Take a look at the tech world today. It’s clear that the landscape has changed dramatically in just a few years. While data protection used to dominate the conversation, we now face a broader challenge. We’re not just talking about protecting personal data anymore; we have to navigate a tangled web of laws and regulations that govern data in all its forms. Some of these laws focus specifically on data, especially in the digital space, but there’s a growing emphasis on artificial intelligence (AI) as well.
The UK government is rolling out its Data Use and Access Bill, which could signal a more unified approach in the tech sector. However, the reality is that global regulation of data and AI feels more like a chaotic intersection than a clear path forward. Many people think the GDPR marked the beginning of data regulation, but that’s not true. The 1998 Data Protection Act laid the groundwork in the UK, long before GDPR was introduced. The GDPR didn’t drastically change what we already knew about data protection, but it did bring two major shifts: it ramped up the penalties for companies that fail to comply and placed data protection firmly on the global stage, making it a topic of discussion worldwide.
The EU has been a leader in data protection, but will it also lead in AI regulation? Since 2018, we’ve seen an influx of new data protection laws influenced by European standards. These laws may vary but often share similar principles. Now, with the surge of generative AI, countries around the world are starting to consider how to regulate this technology.
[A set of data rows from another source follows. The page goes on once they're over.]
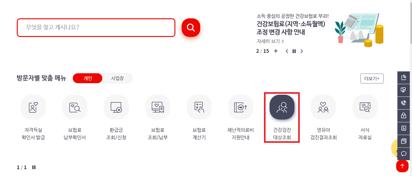 1. 국민건강보험공단 홈페이지 접속합니다.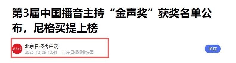 74. 2024年12月9日,尼格买提荣获第三届中国播音主持“金声奖”优秀电视播音员主持人称号。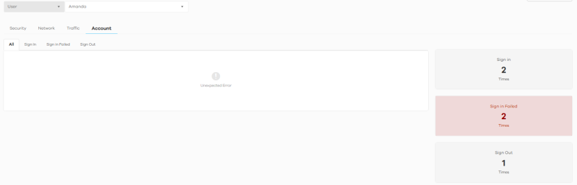For a User, click Search > Activity > User > Account to display the following figure.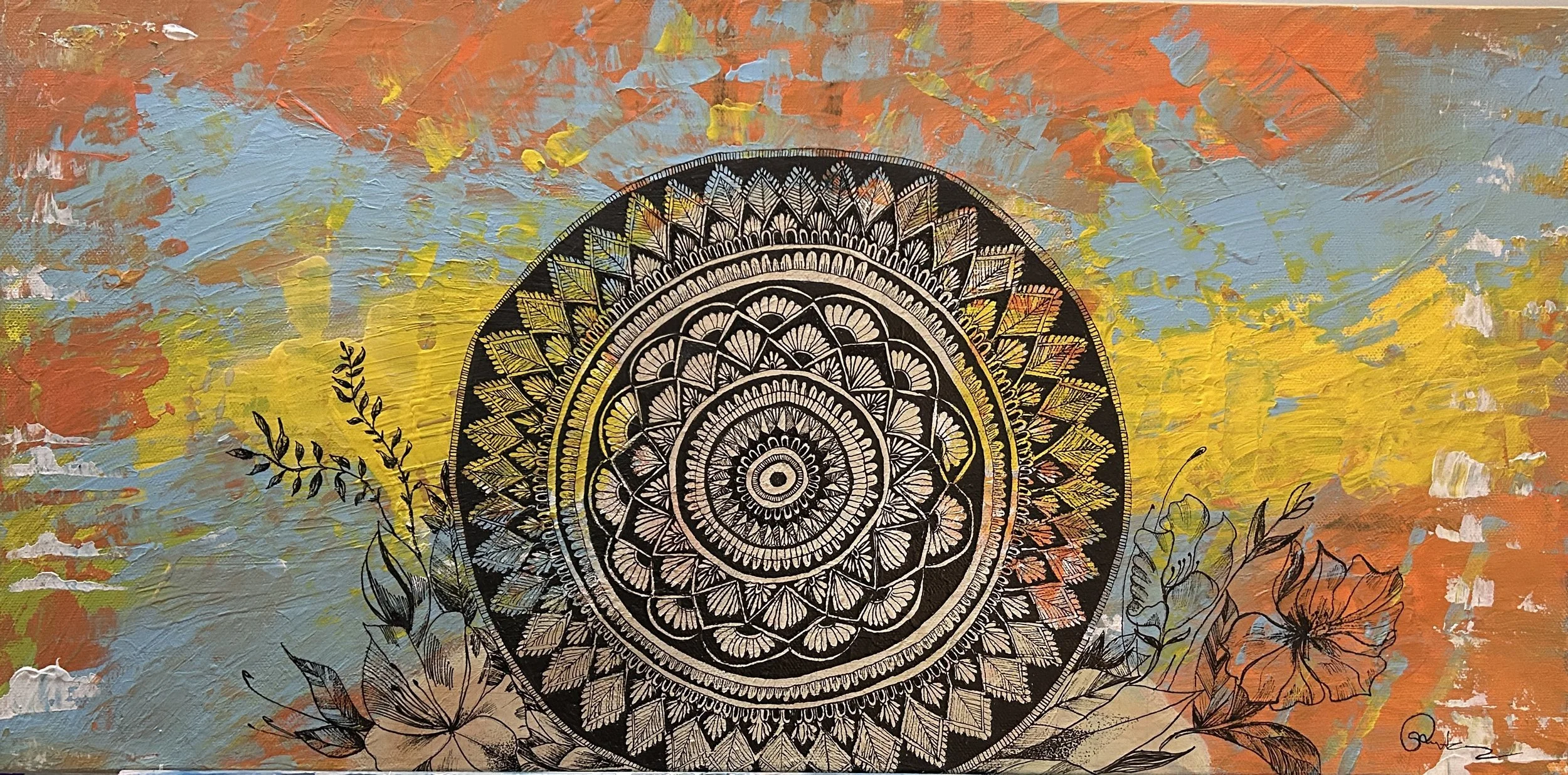 A collection of paintings showcased @ Bluebird Sky Yoga’s Art Gallery.

Europe is once again trying to take the lead with its new AI Act. It’s moving faster than the GDPR’s adoption, fueled by the current excitement over AI. However, the buzz often leads to exaggerated promises. While Europe aims for its AI Act to have a global impact like the GDPR, it’s hard to predict whether it will truly succeed. The global community seems far from reaching a consensus on whether specific AI regulations are even necessary, let alone what those regulations should look like.
As Professor Anu Bradford from Columbia University points out, we can see three main regulatory approaches around the world. In the US, we have a company-driven approach. China has a state-led framework, while Europe focuses on rights. Each approach has its benefits and drawbacks, and these differences highlight a larger unresolved issue. Will regulatory success depend on assessing risks or focusing on outcomes? A lot hinges on whether lawmakers prioritize managing AI risks or fostering innovation and flexibility.
Professor Lilian Edwards suggests another perspective, arguing for ‘the good old fashioned law approach.’ We already have laws addressing data protection, intellectual property, consumer rights, and anti-discrimination. If these laws are in place, why do we need new ones just for AI?
But it doesn’t stop there. Each of these approaches has its own set of complexities, making the global AI regulatory scene look like a sprawling puzzle where the pieces don’t quite fit together. The navigation of diverse data protection laws has been tricky, but AI regulations are shaping up to be an even greater challenge. Global organizations now find themselves unsure about their obligations under AI regulations. As we try to decipher this landscape, it becomes clear that we’re not necessarily on a road to nowhere, but we definitely need time to figure things out.